All the other industries that had become subsidiary to the support of that primary speculation then no longer had a demand. The price of oil fell from a high of nearly $150 a barrel last summer, to the present $40, which is a decline of 75% for the basic material the world is made with.

Those most affected, were those who formerly profited greatly from this real estate speculation and land development, and their supportive industries. Those who were less involved in these speculations and enrichments suffered much less -- just as in the previous great speculation into investments of the new technology companies of the ‘90s ending in the bubble-bursting crash at the beginning of this century, known as the dot.com boom and bust.

But it was thought that by those who did not participate and profit from them that it should have been obvious that such speculations were not real -- because they were not into the realities of real estate, land development, and energy -- that were real and thus, could rightly and properly, only go up indefinitely. But that too would end -- exposing those who felt that their reality, was the only real one, and not like every other, only an illusion of the wishful thinking popular at that moment.

And so too, it predictably had to end -- and values had to be readjusted and recalibrated, and the new ones discovered and appreciated until one day they too would reach the next speculative excess.

The magnitude of this disruption and change in values, goes even deeper than simply real estate speculation and land development, because the lesser calamities are the passing also of the legacy institutions that have been supplanted from the previous great wave of technological development being fully realized, most notable of which has been the publishing industry and its media passing from the control of a few powerful and rich, to virtually anybody who learns the rudimentary skills to avail themselves of those formidable capacities.

That certainly must be an emerging theme -- of how great enterprises that have been incubating, refining and redefining for the first decade of the new millennium, are ready to challenge the old for the primacy of these times. It has become evermore and more obviously, a world of information and connectivity that makes many of the old values and limitations obsolete and moot. The old ways of doing things, are no longer necessary, and have also passed, along with the more obvious collapse of the old standards of value.

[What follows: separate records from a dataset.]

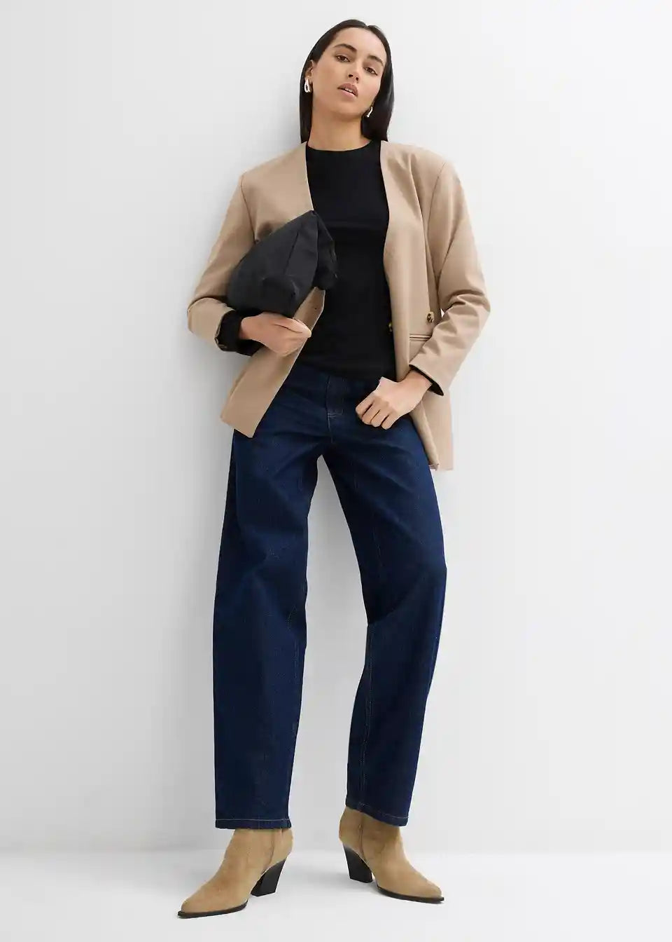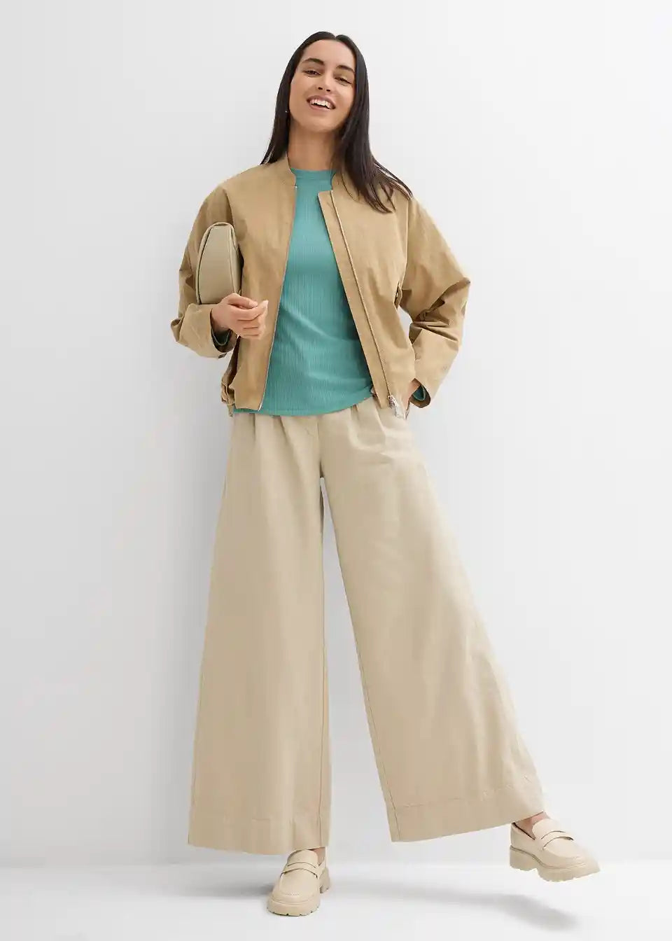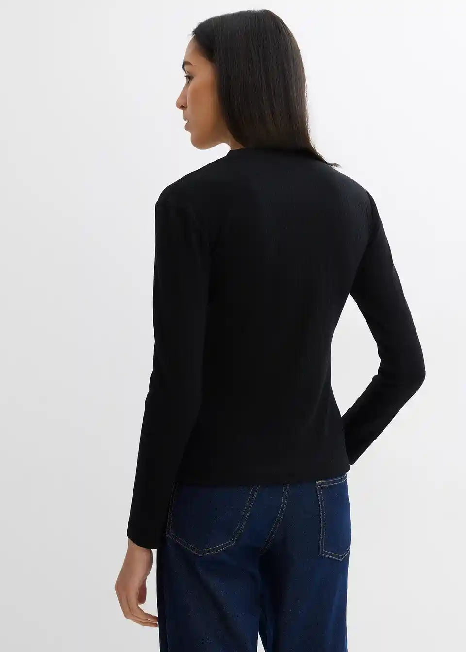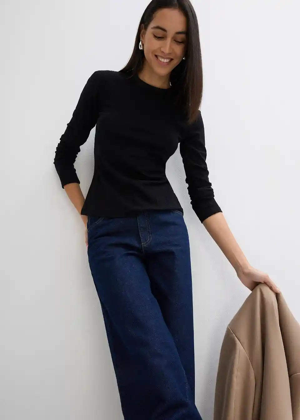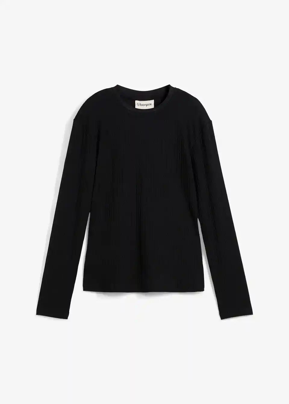 Rebrasta majica s dugim rukavima od materijala s udjelom viskoze
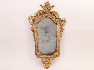cm 73x40 XVIII secolo cornice trapezoidale con cimasa intagliata a volute contrapposte e centrata da conchigl [..]
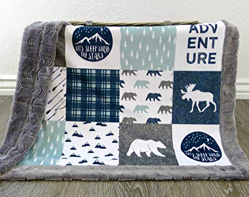 Moose Baby Blanket - Bear Baby Blanket - Minky Baby Blanket - Woodland Blanket -Baby Blanket - Nursery Decor - Crib Bedding - Faux Patchwork -Blue
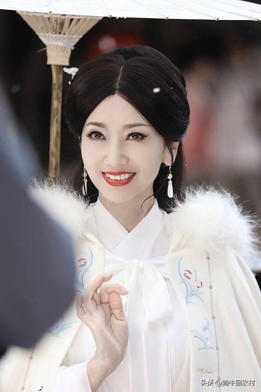 照片中,赵雅芝身穿传统的水袖襦裙,头戴蝴蝶发饰,身披山水染色斗篷,气质古典优雅,古风十足,让人不禁想起她在《新白娘子传奇》中的经典扮相。
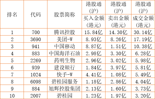 亚汇网实时数据统计:截至1月4日收盘,腾讯控股、美团-W、中国移动位居港股通(沪)成交前三,腾讯控股、美团-W、快手-W位居股通(深)成交前三。
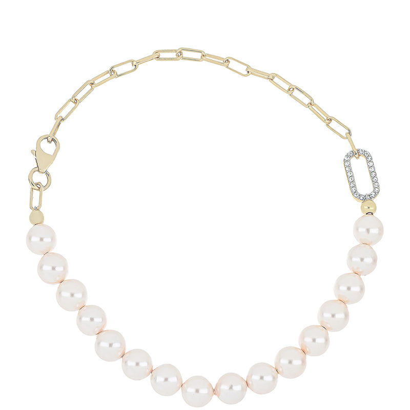 Arannyal Bevont Ezüst Karkötő Barack színű Édesvízi Kagylógyönggyel és Fehér Topázzal
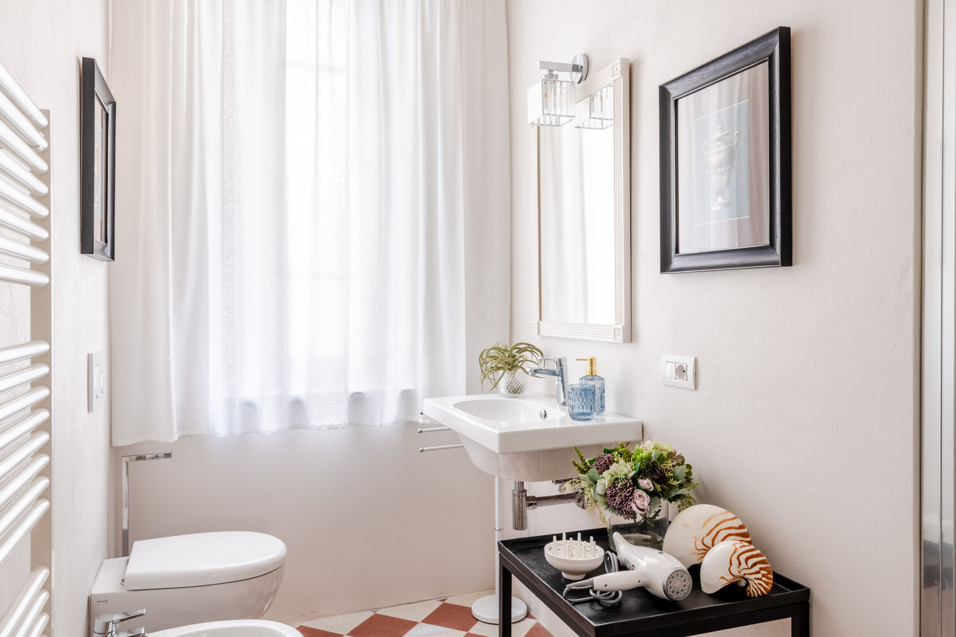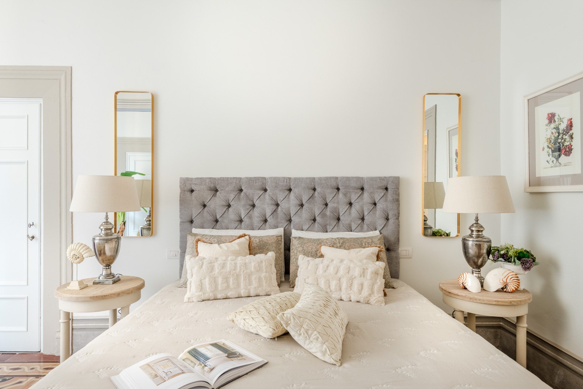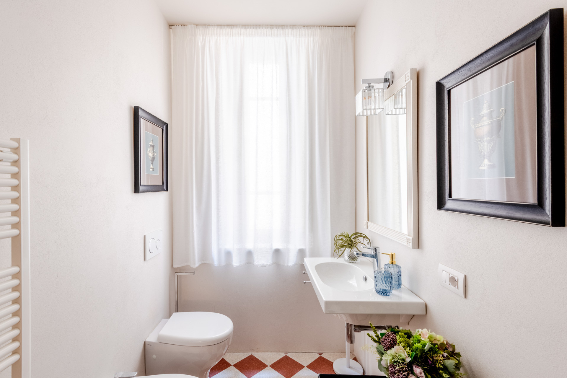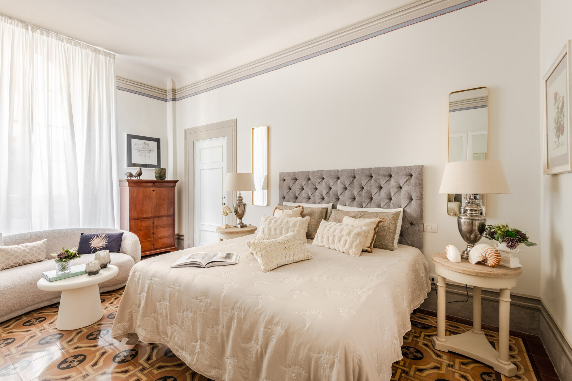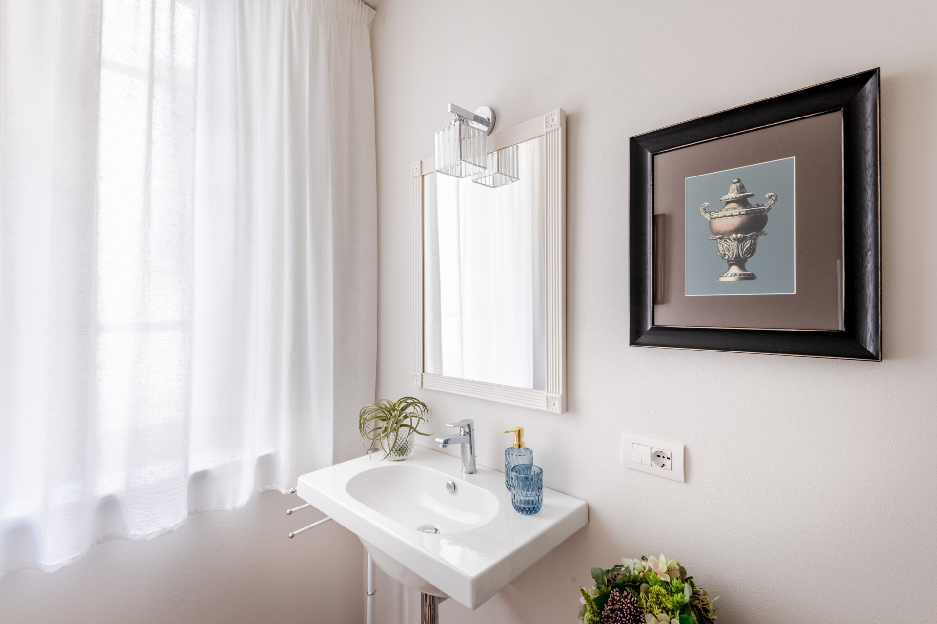 The apartment features three double bedrooms, each thoughtfully decorated with a touch of classic Italian elegance. One of the bedrooms boasts an exquisite frescoed ceiling, an authentic reminder of the home’s noble past.
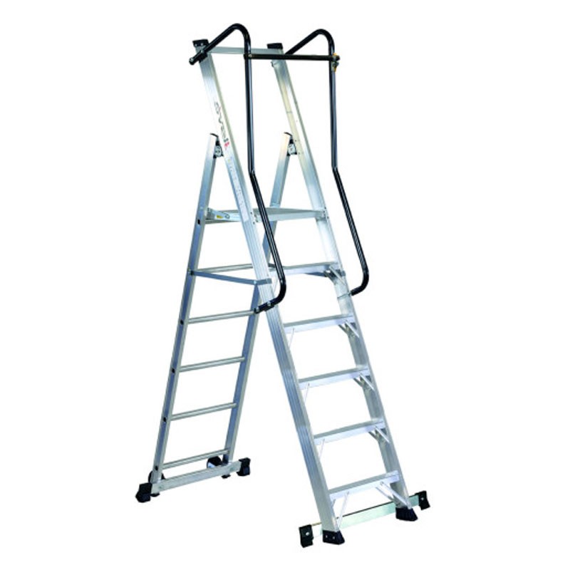 The Svelt Moby professional ladder features 80 cm guardrails on all four sides, 2 wheels with a diameter of 125 mm, painted handrails, a storage shelf, a 43 x 44 cm reinforced platform and a rear safety locking bar for stable locking and use in total protection.
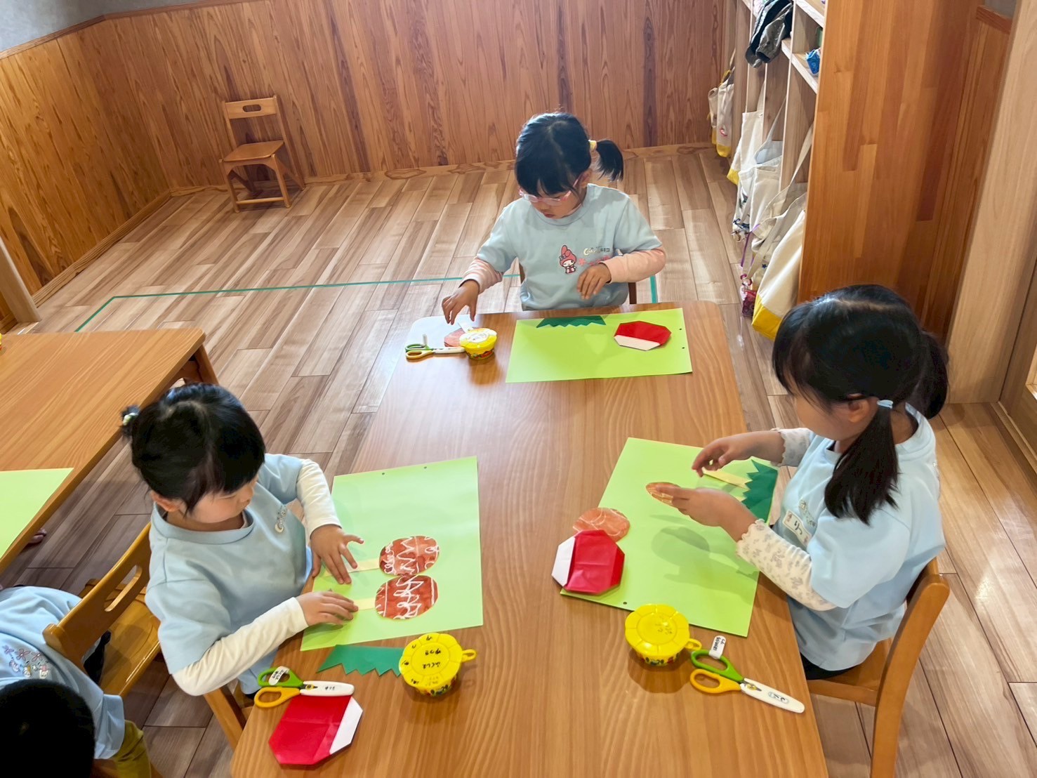 その後、部屋に戻り月製作をしています♪きりん組は折り紙でてんとう虫を折ったり続きを完成させていきました🎶

Quite obviously, despite all the talk about declines, disruptions and failures, society still largely works. Stores still sell just about anything one wants to buy, and the banking system still faithfully and accurately records and processes those transactions. So while the economy and society is stressed, there is no critical and widespread breakdown, no great riots and mass tortures and exterminations. If anything, the means for spreading such propaganda and hysteria, are being dismantled, while more people have direct access to the sources of information rather than being the exclusive province of only a few -- the rich and the powerful of old.

So one has to feel fairly optimistic of the future unfolding. The world is simply changing again and we have to readjust to those new realities.